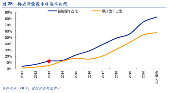 反观当下,伴随着技术发展带来零部件成本的降低,以及续航等问题的陆续解决,我国新能源车产业的发展已从依赖财政补贴等政策激励走向政策需求双驱动阶段。根据中汽协最新数据,2021年6月,国内新能源车产量达到24.8万辆,环比增长14.3%、同比增长134.9%,销量环比增长17.6%、同比增长139.3%,再超市场预期,环比连续三个月加速。渗透率方面,2020年,国内新能源车渗透率达到5.8%的水平;2021年4月,零售端渗透率触及10%的水平;6月单月值达12.7%,同比增长8.2Pcts,环比上涨2.5Pcts。类比挪威的新能源车发展路径,产业在渗透率达到5-10%的水平后开启加速渗透阶段,国内新能源车产业链也正迎来加速发展的黄金时期,将踏入S曲线的陡峭阶段。
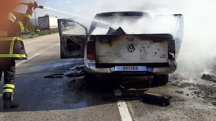 Edinilen bilgiye göre, Sinop'tan Bartın istikametine seyir halindeki askeri araç, Kastamonu'nun Taşköprü ilçesi Eskiatça mevkiine geldiği sırada aniden alev aldı. Sürücü, motoru yanmaya başlayan aracı durdurarak yolun kenarına çekti. İhbar üzerine olay yerine itfaiye ekipleri sevk edildi. İtfaiye ekipleri, yanan araca müdahale ederek söndürdü.
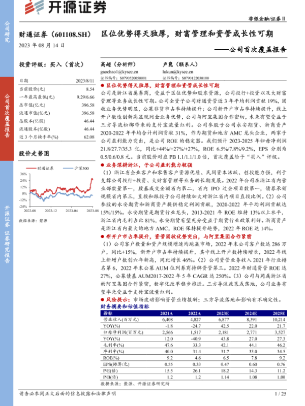 【开源证券】【20230814】20230814-开源证券-财通证券-601108.SH-公司首次覆盖报告:区位优势得天独厚,财富管理和资管成长性可期-25页
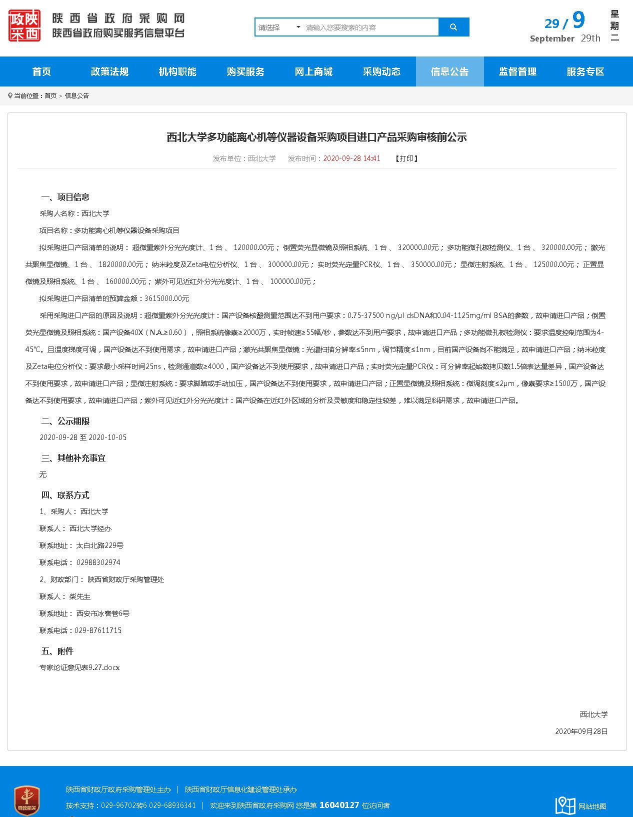 赢博官方(中国)总部多功能离心机等仪器设备采购项目进口产品采购审核前公示
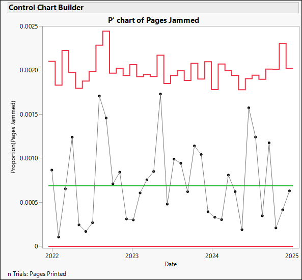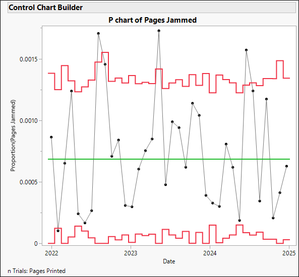 Let’s look at an example. Suppose you count the number of printer jams that occur each month. You use a P chart to control the proportion of pages jammed out of the total number of pages printed each month.
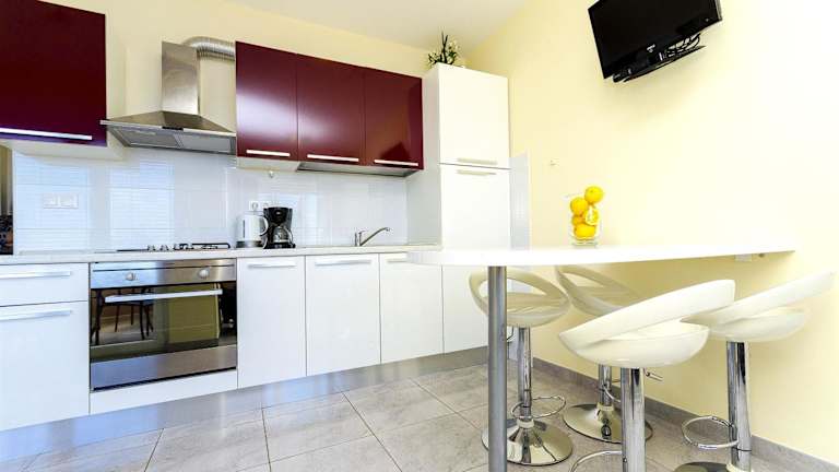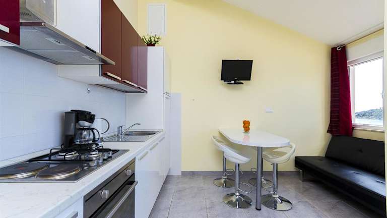 Die klimatisierten Apartments sind mit einer voll ausgestatteten Küche ausgestattet, welche über einen Kühlschrank, eine Kaffeemaschine, einen Ofen, eine Herdplatte, einen Toaster und einen Wasserkocher verfügt.
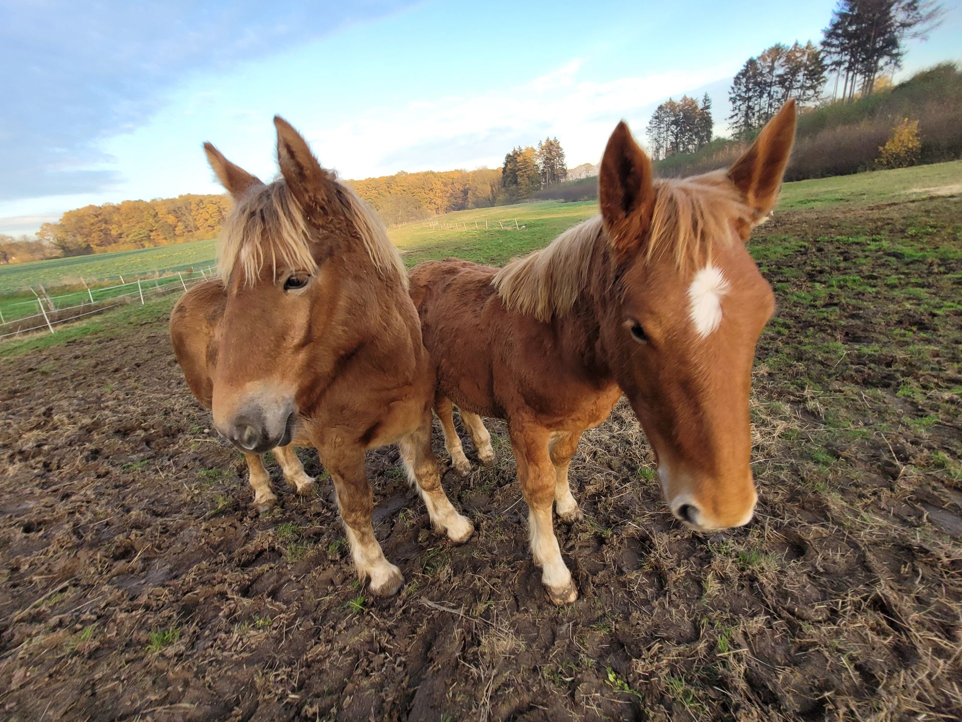 Charakter: beide sind lieb, Lore ist sanft, möchte immer gefallen und eine Stute mit gewisser Zickigkeit; Loriot ist noch jung und verspielt
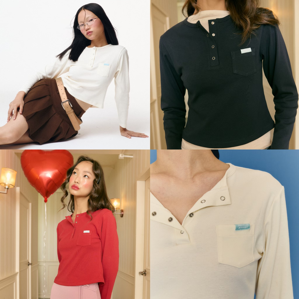 [แจกโค้ดลด75฿ พิมพ์ INC210BNV ] The Freckled Market - Belle Button Longsleeves เสื้อแขน3ส่วน กระดุมแป้ก
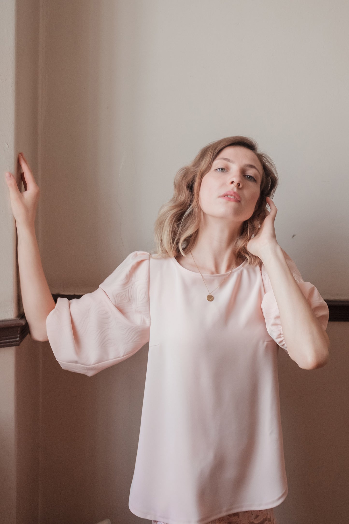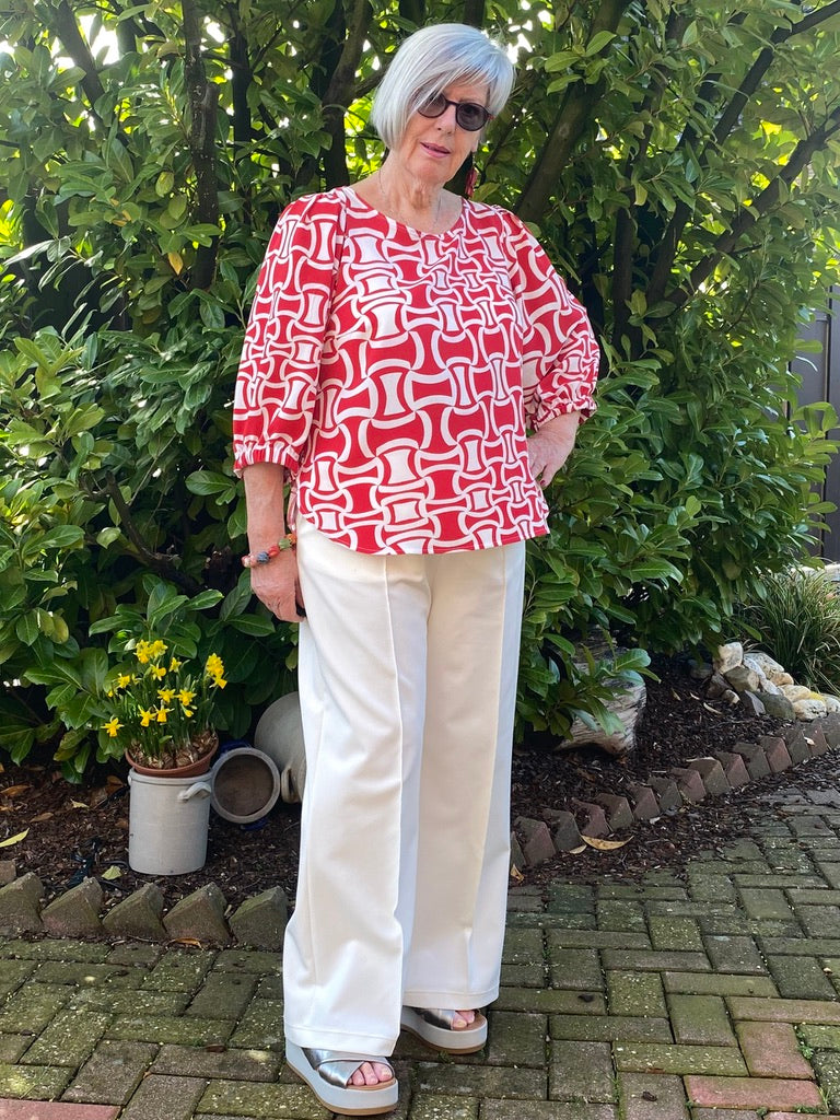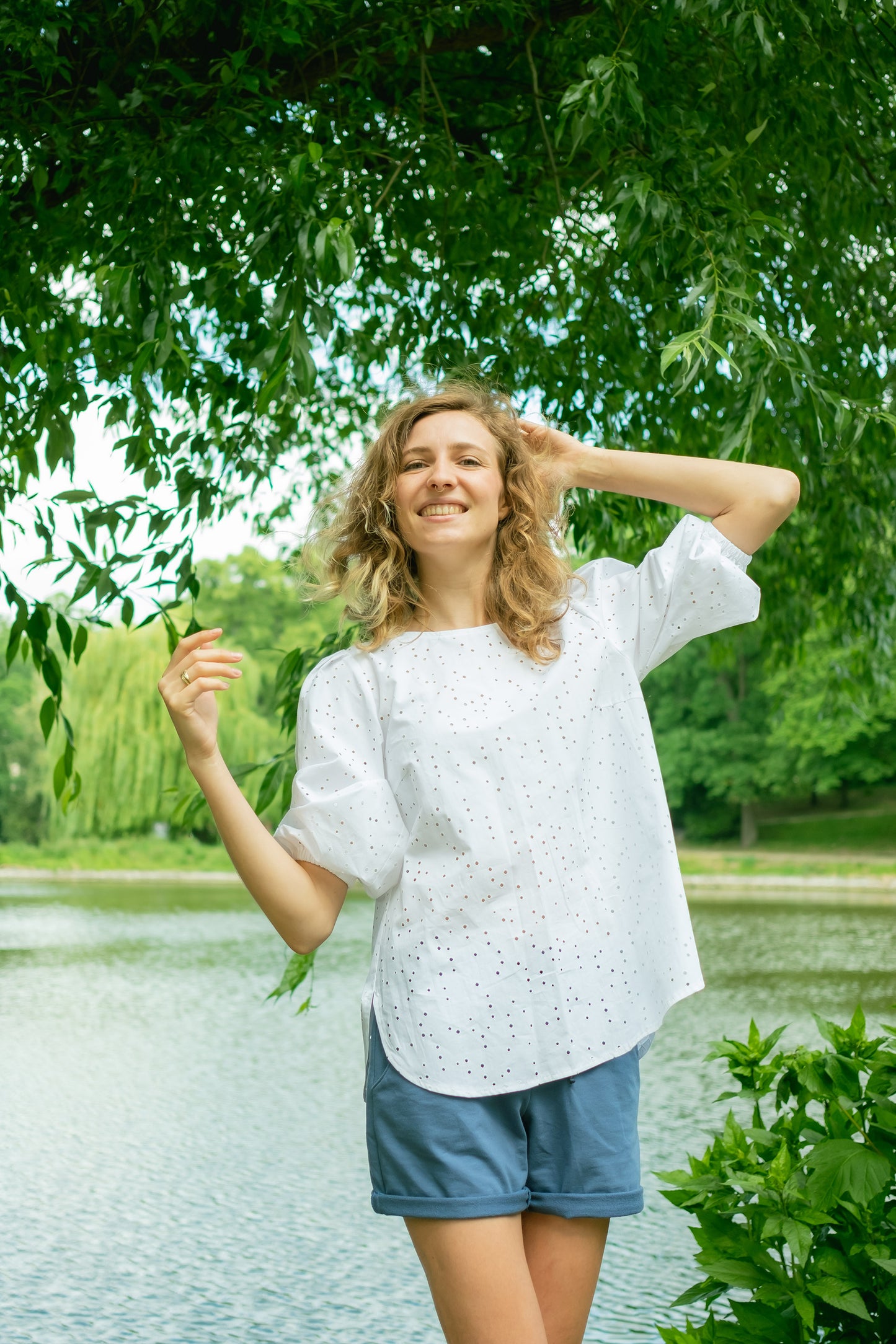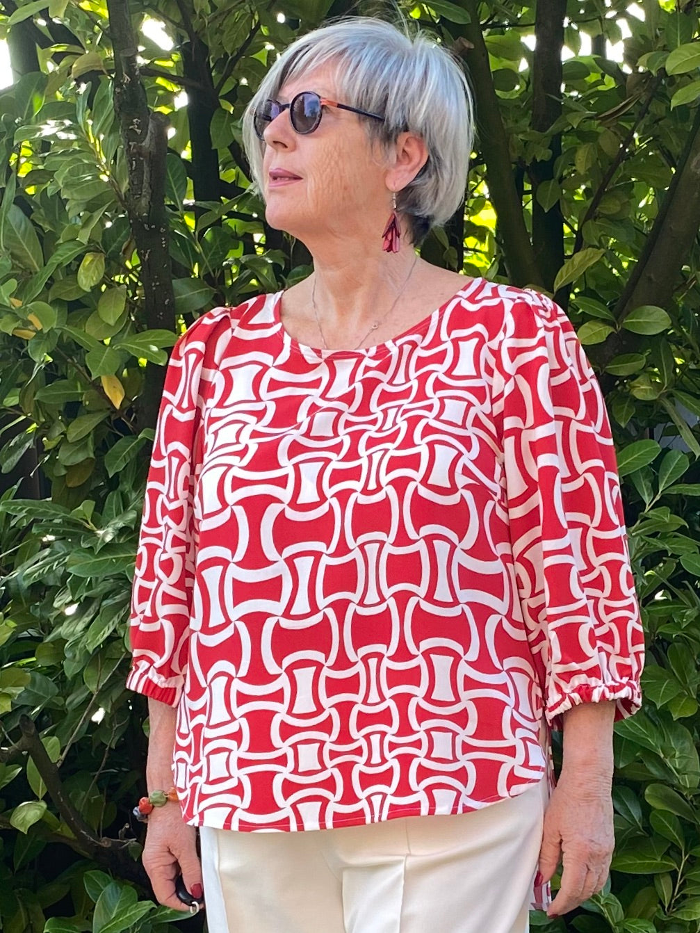 - Eine lockere, leichte Bluse mit einem großzügigen ovalen Ausschnitt – schön, bequem und feminin!
※
■ Prompt ■
What you write must match the listing exactly, from the line with "Edinilen bilgiye göre, Sinop'tan" up to and including the line with "赢博官方(中国)总部多功能离心机等仪器设备采购项目进口产品采购审核前公示". Pictures stay out.

■ Result of the task ■
 Edinilen bilgiye göre, Sinop'tan Bartın istikametine seyir halindeki askeri araç, Kastamonu'nun Taşköprü ilçesi Eskiatça mevkiine geldiği sırada aniden alev aldı. Sürücü, motoru yanmaya başlayan aracı durdurarak yolun kenarına çekti. İhbar üzerine olay yerine itfaiye ekipleri sevk edildi. İtfaiye ekipleri, yanan araca müdahale ederek söndürdü.
 【开源证券】【20230814】20230814-开源证券-财通证券-601108.SH-公司首次覆盖报告:区位优势得天独厚,财富管理和资管成长性可期-25页
 赢博官方(中国)总部多功能离心机等仪器设备采购项目进口产品采购审核前公示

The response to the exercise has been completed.